*WORK TO BE COMPLETED*
Apart from the pictures, return every line of the listing exactly.

*SUPPLIED DATA*
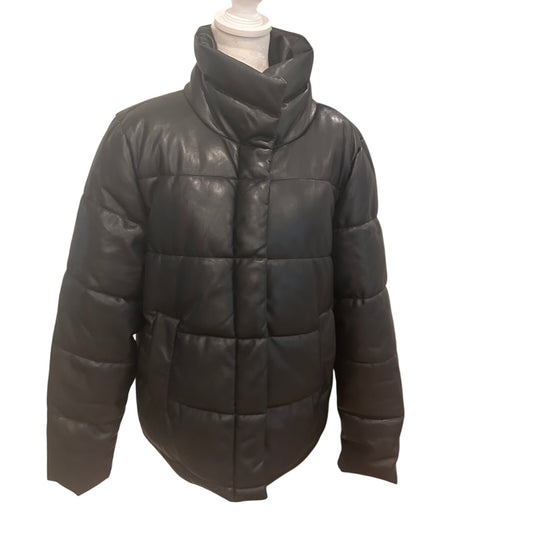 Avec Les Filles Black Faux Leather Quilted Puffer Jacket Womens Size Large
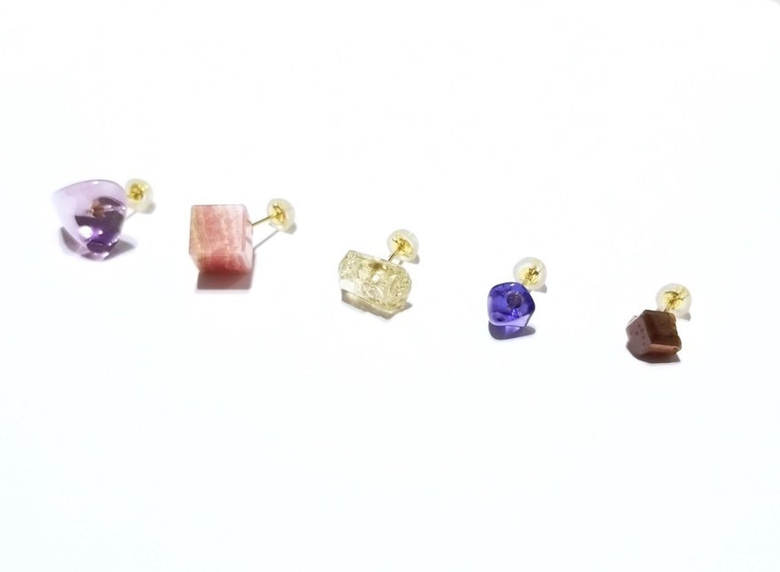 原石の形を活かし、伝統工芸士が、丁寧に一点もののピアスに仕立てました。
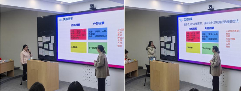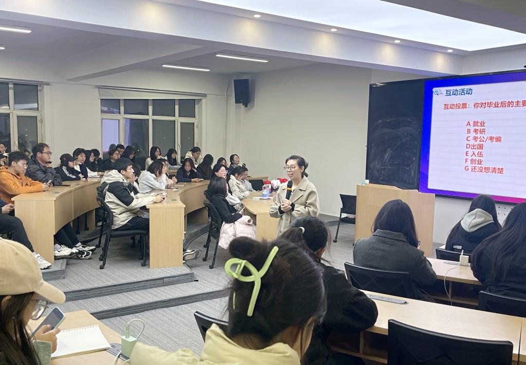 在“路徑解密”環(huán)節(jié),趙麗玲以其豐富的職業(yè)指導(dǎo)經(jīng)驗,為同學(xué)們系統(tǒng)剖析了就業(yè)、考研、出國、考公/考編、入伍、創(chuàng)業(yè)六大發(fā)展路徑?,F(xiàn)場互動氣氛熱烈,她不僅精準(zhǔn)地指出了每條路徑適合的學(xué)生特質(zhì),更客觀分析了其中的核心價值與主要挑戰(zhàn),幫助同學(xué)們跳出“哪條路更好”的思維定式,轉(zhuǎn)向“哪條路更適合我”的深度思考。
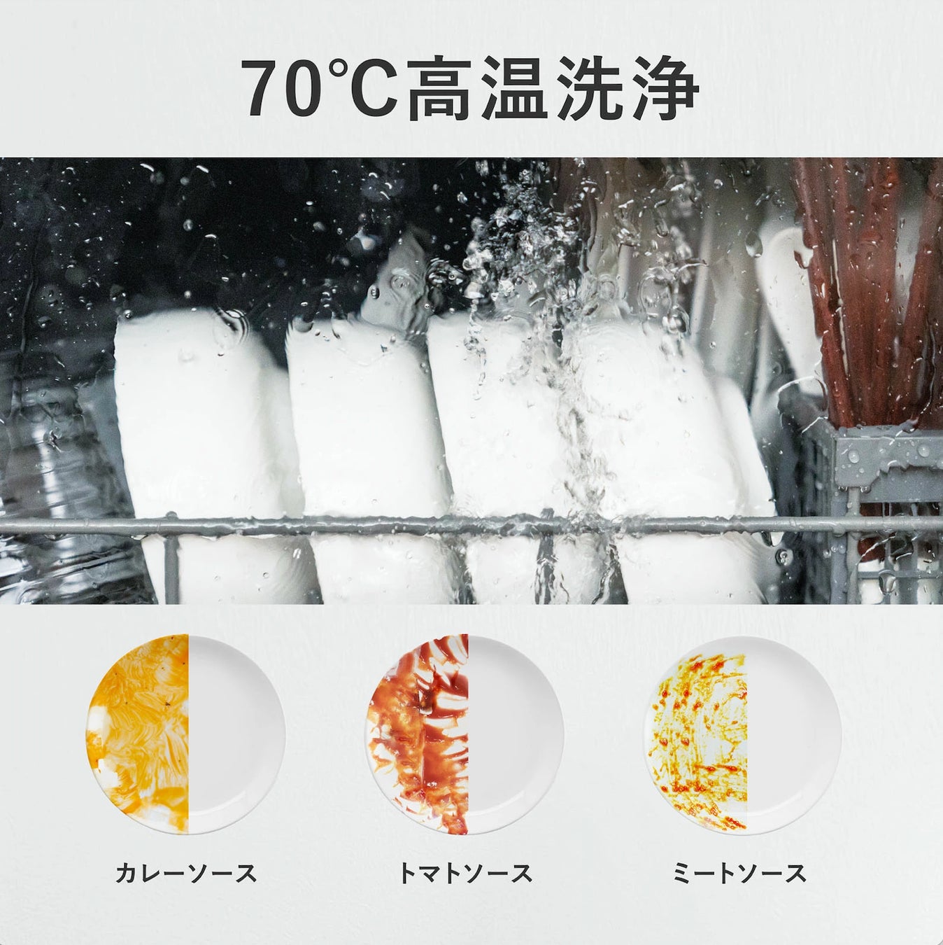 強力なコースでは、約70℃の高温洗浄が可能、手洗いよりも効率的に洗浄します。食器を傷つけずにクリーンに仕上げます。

*SOLUTION FOR THIS EXERCISE*
 Avec Les Filles Black Faux Leather Quilted Puffer Jacket Womens Size Large
 原石の形を活かし、伝統工芸士が、丁寧に一点もののピアスに仕立てました。
 在“路徑解密”環(huán)節(jié),趙麗玲以其豐富的職業(yè)指導(dǎo)經(jīng)驗,為同學(xué)們系統(tǒng)剖析了就業(yè)、考研、出國、考公/考編、入伍、創(chuàng)業(yè)六大發(fā)展路徑?,F(xiàn)場互動氣氛熱烈,她不僅精準(zhǔn)地指出了每條路徑適合的學(xué)生特質(zhì),更客觀分析了其中的核心價值與主要挑戰(zhàn),幫助同學(xué)們跳出“哪條路更好”的思維定式,轉(zhuǎn)向“哪條路更適合我”的深度思考。
 強力なコースでは、約70℃の高温洗浄が可能、手洗いよりも効率的に洗浄します。食器を傷つけずにクリーンに仕上げます。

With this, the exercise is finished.